Bottom Hunt Spearfishing Techniques: Mastering the Art of Underwater Patience

Bottom Hunt Spearfishing Techniques

Bottom hunt spearfishing techniques with waiting for the prey at a certain depth require the great physical condition of a hunter. This spearfishing technique usually aims at hunting bigger predators or pelagic fish. The bottom hunt technique of waiting at depth is conducted with dives deeper than 10 m, which usually makes apnea a little longer. Depending on the psycho-physical condition of the hunter and the depth at which the fish is hunted, the average length of these dives lasts from 1 to 2 minutes. With repeated dives, the length of surface time should be at least 3 times longer than the length of the dive itself. The best time for a bottom hunt usually proves fruitful in the early morning hours, but results should be satisfactory during the whole day. Sea currents caused by tides greatly influence the feeding habits of the fish. During the hunt, it is best to use those sea currents that bring nutrient substances and organisms. These increase the food chain activities, the peak of which are bigger predator fish.

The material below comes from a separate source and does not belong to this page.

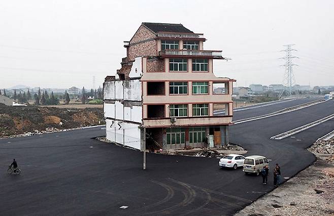 경사가 급한 곳에 있는 집은 풍수지리에서 재물을 잃는 곳으로 본다. 집 앞이나 옆의 경사가 심하면 지기가 집터에 모이지 못하고 소멸돼 버린다고 한다. 재산은 물을 따라 움직이는데 물이 급하게 내려가면 재산도 비탈길을 따라 빠르게 빠져나간다고 한다. 회사 사옥으로 이러한 건물을 사용한다면 돈이 쌓이지 않고 도산까지 할 수 있다.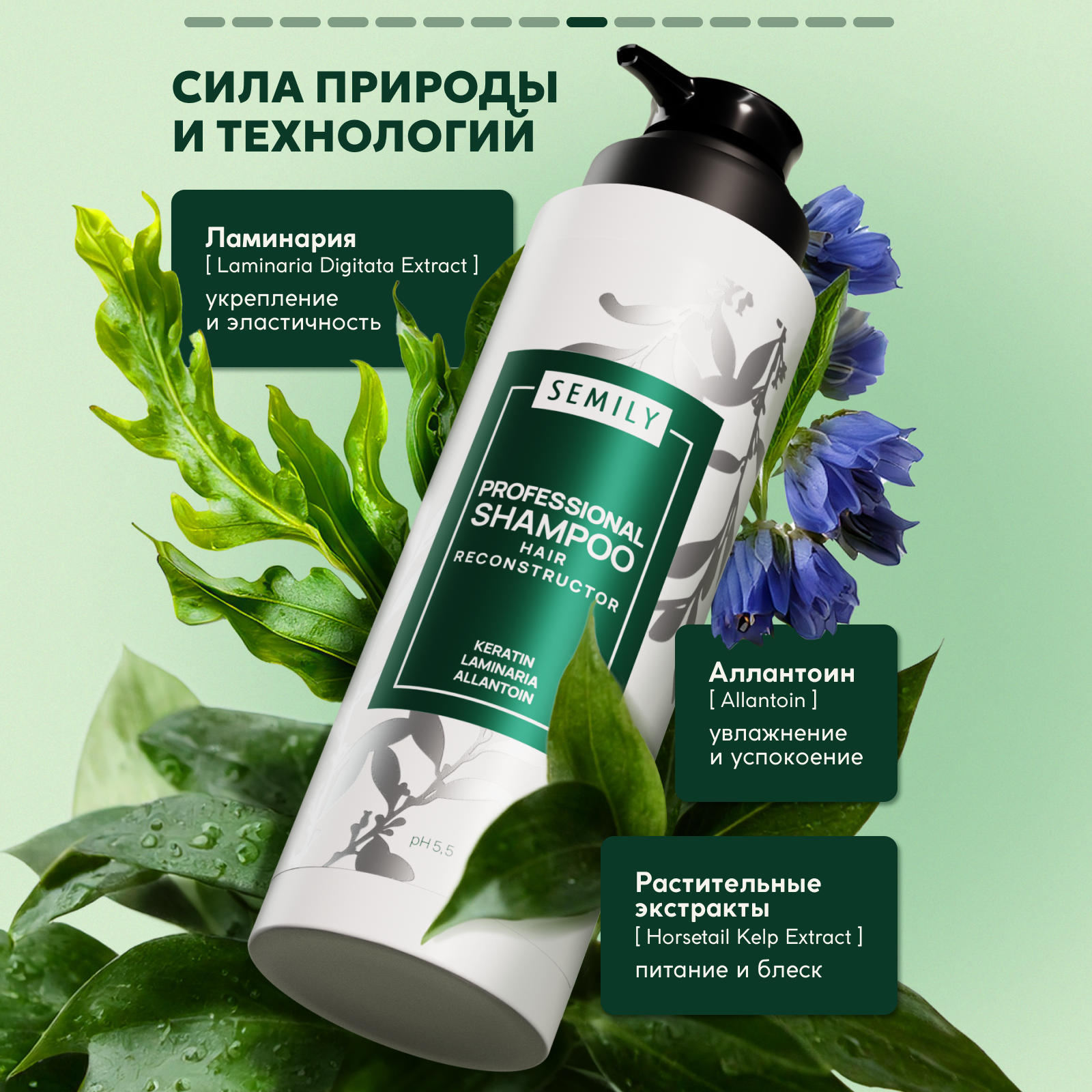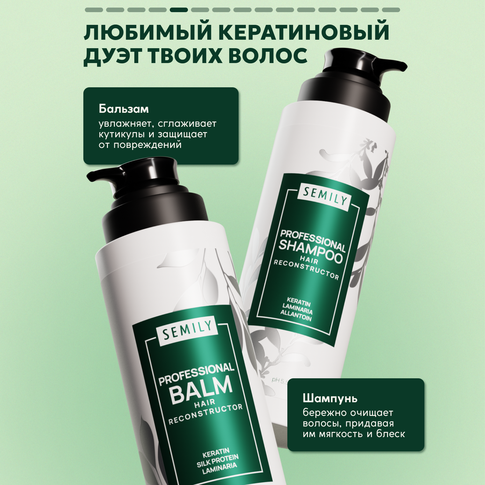 Купить Шампунь для волос женский с кератином Semily бессульфатный 1шт, 400мл

Prime Spearfishing Terrain

The choice of a suitable terrain for bottom hunt spearfishing technique. The most appropriate are steep shores, straits or channels, and exposed shallow banks and reefs. In these areas, the marine life gets very intensive while the terrain offers the hunter great places for cover while praying for the fish. Predator fish are habituated around or in the vicinity of such terrains and pelagic fish frequently visit them on their way. The key to success for every hunter therefore lies in the familiarity with these locations and understanding of the basic factors that influence marine life (winds and currents). All these factors dictate the behavior of the predator fish. Underwater hunters with experience should have no trouble with the right choice of hunting location when employing the bottom hunt spearfishing technique.

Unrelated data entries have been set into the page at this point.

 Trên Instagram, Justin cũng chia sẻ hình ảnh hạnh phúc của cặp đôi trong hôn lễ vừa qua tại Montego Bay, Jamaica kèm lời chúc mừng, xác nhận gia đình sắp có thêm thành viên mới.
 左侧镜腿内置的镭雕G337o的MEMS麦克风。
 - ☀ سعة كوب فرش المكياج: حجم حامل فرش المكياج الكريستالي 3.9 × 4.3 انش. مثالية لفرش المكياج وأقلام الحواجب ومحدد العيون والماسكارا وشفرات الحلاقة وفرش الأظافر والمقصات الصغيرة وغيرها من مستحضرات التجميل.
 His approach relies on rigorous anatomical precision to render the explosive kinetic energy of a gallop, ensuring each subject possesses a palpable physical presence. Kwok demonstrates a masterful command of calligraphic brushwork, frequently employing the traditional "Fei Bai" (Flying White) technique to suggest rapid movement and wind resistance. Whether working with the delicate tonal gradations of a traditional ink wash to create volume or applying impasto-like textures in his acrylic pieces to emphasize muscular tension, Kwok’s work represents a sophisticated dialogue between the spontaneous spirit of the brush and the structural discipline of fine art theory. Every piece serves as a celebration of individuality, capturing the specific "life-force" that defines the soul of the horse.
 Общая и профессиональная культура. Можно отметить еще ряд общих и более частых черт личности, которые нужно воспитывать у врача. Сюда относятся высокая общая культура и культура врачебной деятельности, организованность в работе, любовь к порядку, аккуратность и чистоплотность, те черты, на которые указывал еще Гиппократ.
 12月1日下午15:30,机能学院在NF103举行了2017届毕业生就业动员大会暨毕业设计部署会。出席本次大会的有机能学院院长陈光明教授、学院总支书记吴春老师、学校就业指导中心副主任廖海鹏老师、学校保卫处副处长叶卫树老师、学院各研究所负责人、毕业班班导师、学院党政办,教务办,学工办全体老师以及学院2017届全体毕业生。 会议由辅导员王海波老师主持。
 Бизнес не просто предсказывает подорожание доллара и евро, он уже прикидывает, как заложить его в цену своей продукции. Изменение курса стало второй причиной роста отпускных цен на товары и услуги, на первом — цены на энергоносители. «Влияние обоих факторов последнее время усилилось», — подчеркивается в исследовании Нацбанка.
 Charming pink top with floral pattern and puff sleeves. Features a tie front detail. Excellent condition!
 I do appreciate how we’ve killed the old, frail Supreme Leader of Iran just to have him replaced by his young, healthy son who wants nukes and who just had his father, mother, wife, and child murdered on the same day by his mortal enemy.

Stealthy Spearfishing Approach

When conducting this diving technique, we can count on the curiosity of the predator fish. Pelagic species are usually less timid. Therefore the first part of the diving technique is no different than the usual apnea dive. In the second part, the diver should not perform any fast or unnecessary movements while drifting into the depth. The last part of the dive should be carried out with practically no excess movement due to the negative buoyancy of the hunter. The speed of sliding is controlled by halting with the fins until the desired depth is reached. The hunter should pick the most appropriate position on the seabed a few meters beforehand and it should provide him some cover as well. When the desired depth is reached, he should keep perfectly still. Bottom hunt spearfishing technique will entice curiosity with predator fish which will lure them closer to the hunter.

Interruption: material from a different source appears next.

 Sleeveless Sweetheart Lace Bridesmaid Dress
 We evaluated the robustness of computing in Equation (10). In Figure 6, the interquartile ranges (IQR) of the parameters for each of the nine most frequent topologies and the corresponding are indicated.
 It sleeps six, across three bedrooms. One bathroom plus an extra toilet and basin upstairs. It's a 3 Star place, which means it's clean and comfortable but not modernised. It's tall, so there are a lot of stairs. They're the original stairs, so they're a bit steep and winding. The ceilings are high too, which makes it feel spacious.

The general rule for the position of the hunter is the following:

When hunting pelagic fish, the hunter positions himself on more exposed spots on the seabed (bigger rocks, ridge edges…)The hunter may notice the hesitation of the fish. On such occasions, he should give the impression that he fears the fish, e.g. slowly and calmly retreating to his cover. Such behavior will only encourage the fish. Some other species of predator fish are, on the contrary, disturbed by the exposed position of the hunter and will therefore keep away. In such cases, the hunter is to choose more camouflaged spots, such as crevices, voids,s, or positions 2 or 3 m away from the edge of the ridge. Exploiting the direction of the sunlight and the choice of positions for the bottom hunt spearfishing technique is therefore focused on the shaded areas. This is of key importance. It is a well-known fact that predator fish have a very sharp vision and are therefore more sensitive to daylight. The hunter should choose his position in the shaded areas of the seabed, with sunrays coming from behind.

With exposed seabed areas, tide, or intensive sea currents, underwater hunting with the bottom hunt spearfishing technique will at least be interesting, if not very fruitful. Experiences of underwater hunters have shown that the average waiting (bottom) time to notice the fish is 30 seconds. If the fish is not seen within this time, then waiting is no longer sensible.